It's teacher hunting season!

Thursday, January 21, 2010

Follow the money I: Gonzalez on Robert$on hand in PAVE vs public school

Behind the push for charter schools to replace public schools is private investment, in the following Brooklyn case, investor Julian Robertson, getting plum treatment from New York City Schools Chancellor Joel Klein, as Juan Gonzalez reports in yesterday's "Daily News:"
Nothing Schools Chancellor Joel Klein can say will calm the furor and sense of betrayal parents and teachers at Public School 15 in Brooklyn have felt for the past few weeks.

"There is a deliberate attempt [by Klein] to undermine and dismantle a successful public school, and we're going to fight it," Lydia Bellahcene, a leader of the Parents Association and mother of three students at the Red Hook school, vowed Tuesday.

The target here is not a failed school. Even the bureaucrats at Tweed have given PS 15 an A rating for three straight years.

Yet, parents at the school find themselves locked in a neighborhood civil war instigated by the Department of Education. Their nemesis is PAVE Academy, a charter school that shares their building but keeps demanding more space.

The same conflict is being fought out in scores of New York City neighborhoods.

It is one of the main reasons Democratic lawmakers in Albany Tuesday rebuffed intense pressure from Klein, Mayor Bloomberg, Gov. Paterson - even from the Obama White House - to lift the cap on the number of charter schools in the state.

The lawmakers did so even though they risked the state's losing hundreds of million of dollars in "Race to the Top" federal school aid.

Assembly Speaker Sheldon Silver (D-Manhattan) showed the most courage. He was prepared to lift the cap, but only if Klein and other school superintendents agreed to some checks and balances. Among those were new regulations requiring approval from public school parents before space in their school could be turned over to a charter.

Senate Democratic Conference Leader John Sampson of Brooklyn tried to act with Silver but couldn't muster a majority in his closely divided and dysfunctional Senate.

So Silver and Sampson decided no bill is better than a bad one. So the cap on charters stays at 200 statewide.

The parents at PS 15 know the importance of having a real voice. A few years ago, Klein's aides announced they were temporarily installing the new PAVE Academy in their school. It was only for two years, Tweed told PS 15, until the charter could find its own building.

PAVE happens to be run by Spencer Robertson, the son of billionaire Julian Robertson. The father's foundation donated $10 million to various educational reform efforts Klein started.

"We were shocked at the arrogance we were met with when they [PAVE] arrived, as if this building was theirs," Bellahcene said. "They insisted on separate entrances, stairwells and even bathrooms for their students.
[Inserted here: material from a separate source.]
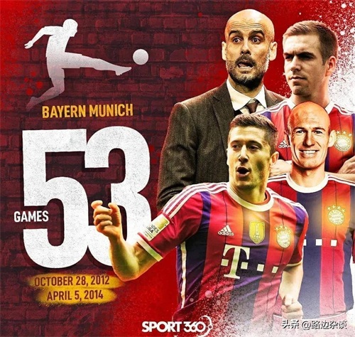 从2012年11月3日客场3:0击败汉堡开始,到2014年4月5日客场被奥格斯堡1:0击败,拜仁慕尼黑在德甲取得了46胜7平的惊人战绩,跨赛季53轮联赛不败,胜率高达86.79%。更是在2013年取得了全年德甲联赛不败的成绩。53轮不败的成绩,位列欧冠五大联赛连续不败记录排行榜第二名。

They even discourage their children from talking to ours."

"I'm sorry they feel that way," PAVE director Robertson said Tuesday. "We believe firmly there is room for our two schools to be successful with co-location. We're working on that."

And he's banking on a lot more time.

A few months ago, the Department of Education suddenly reversed itself and announced plans for PAVE to stay at PS 15 for up to five more years - until Robertson erects a brand new building for his school.

Since PAVE only has kindergarten to second grade, that will mean adding new grades each year, which means more classrooms.

"They are forcing PS 15's enrollment to shrink," one teacher said. "There aren't enough rooms in the building for basic programming."

All the things that made Public School 15 a true jewel for the children of Red Hook are being torn apart, the parents say.

If this is what Klein calls a race to the top, someone save them from it, quick.